• **YOUR TASK**: Please, without any pictures, set down exactly the part of the listing below that opens with the line containing "met de wind)" and closes with the line containing "Emekli asker eşiyle".

• **RECORDS SUPPLIED**:

+ + + + + + +

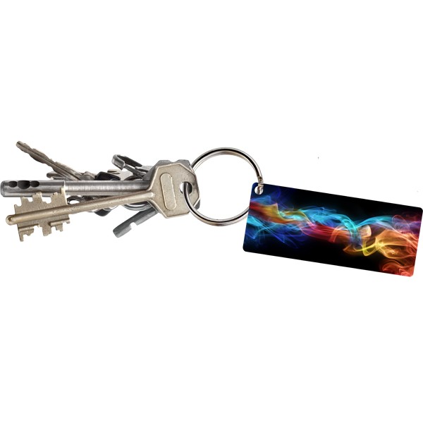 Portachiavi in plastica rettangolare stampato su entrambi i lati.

+ + + + + + +

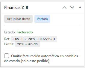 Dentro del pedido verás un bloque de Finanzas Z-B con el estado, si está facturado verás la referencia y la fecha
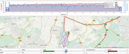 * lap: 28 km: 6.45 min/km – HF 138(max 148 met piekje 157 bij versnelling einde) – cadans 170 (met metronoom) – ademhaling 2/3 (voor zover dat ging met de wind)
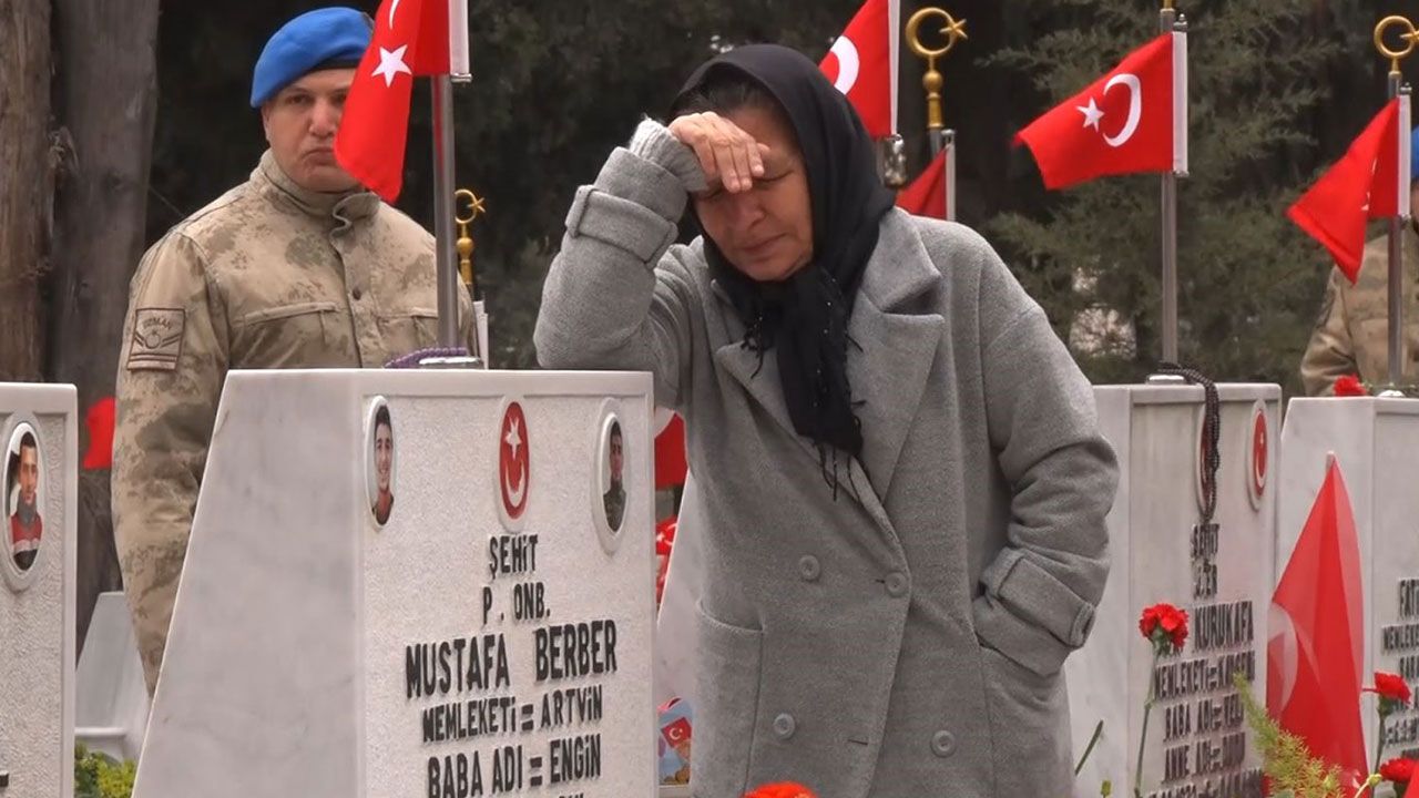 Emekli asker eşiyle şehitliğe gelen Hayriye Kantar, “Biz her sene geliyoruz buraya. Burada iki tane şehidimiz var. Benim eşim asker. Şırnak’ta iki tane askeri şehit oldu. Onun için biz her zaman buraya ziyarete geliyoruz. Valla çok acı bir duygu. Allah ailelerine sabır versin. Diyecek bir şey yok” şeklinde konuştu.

+ + + + + + +

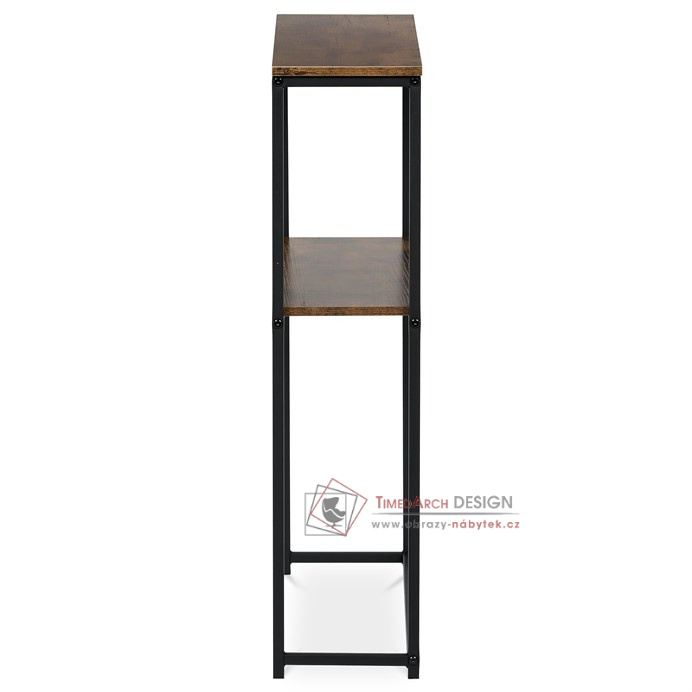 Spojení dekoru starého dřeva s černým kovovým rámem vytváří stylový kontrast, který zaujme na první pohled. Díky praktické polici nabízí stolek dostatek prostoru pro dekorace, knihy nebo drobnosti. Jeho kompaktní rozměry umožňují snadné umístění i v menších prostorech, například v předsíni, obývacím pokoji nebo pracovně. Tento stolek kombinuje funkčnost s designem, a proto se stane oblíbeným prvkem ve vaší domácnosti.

+ + + + + + +

• **EXERCISE RESULT**:
 * lap: 28 km: 6.45 min/km – HF 138(max 148 met piekje 157 bij versnelling einde) – cadans 170 (met metronoom) – ademhaling 2/3 (voor zover dat ging met de wind)
 Emekli asker eşiyle şehitliğe gelen Hayriye Kantar, “Biz her sene geliyoruz buraya. Burada iki tane şehidimiz var. Benim eşim asker. Şırnak’ta iki tane askeri şehit oldu. Onun için biz her zaman buraya ziyarete geliyoruz. Valla çok acı bir duygu. Allah ailelerine sabır versin. Diyecek bir şey yok” şeklinde konuştu.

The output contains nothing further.